No compensation is payable under this Act in respect of an injury that is a psychological injury if the injury was wholly or predominantly caused by reasonable action taken or proposed to be taken by or on behalf of the employer with respect to transfer, demotion, promotion, performance appraisal, discipline, retrenchment or dismissal of workers or provision of employment benefits to workers.

The delegate of the Registrar found that s 11A did not apply. The referral was not concerned with the provision of employment benefits, and was otherwise not reasonable.

  1. The statutory criteria applied under the Worker's Compensation Act 1997 are different to that under the PPIP Act.
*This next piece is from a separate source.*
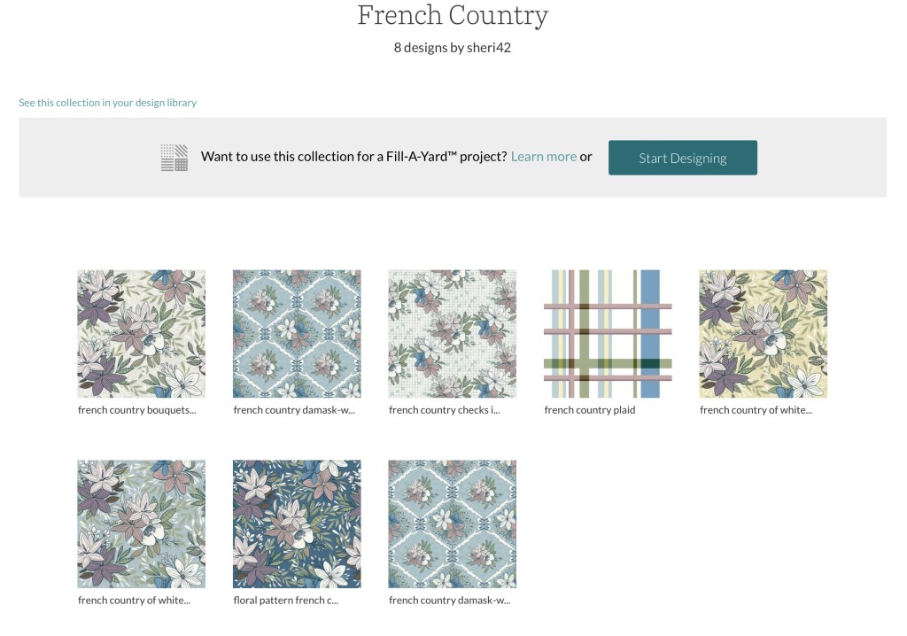 Carrie Cantwell encourages artists to participate in the Spoonflower Design Challenges, so I decided to try the French Country Design Challenge since I’d just taken Teela’s course and had a start on a floral design, which would be part of the French Country style.

Here the issue I have to decide is whether the information in issue is information or an opinion about an individual's suitability for appointment or employment as a public sector official.

  1. As a consequence of all the above, I am satisfied that the information in issue is not personal information within the meaning of the PPIP Act. It is information or opinion about ACO's suitability for appointment or employment as a public sector official (teacher). It is therefore excluded from the definition of personal information in the PPIP Act by s 4(3)(j).

  1. It follows that the Tribunal has no jurisdiction to review the agency's conduct with respect to that information. As a consequence the application is dismissed.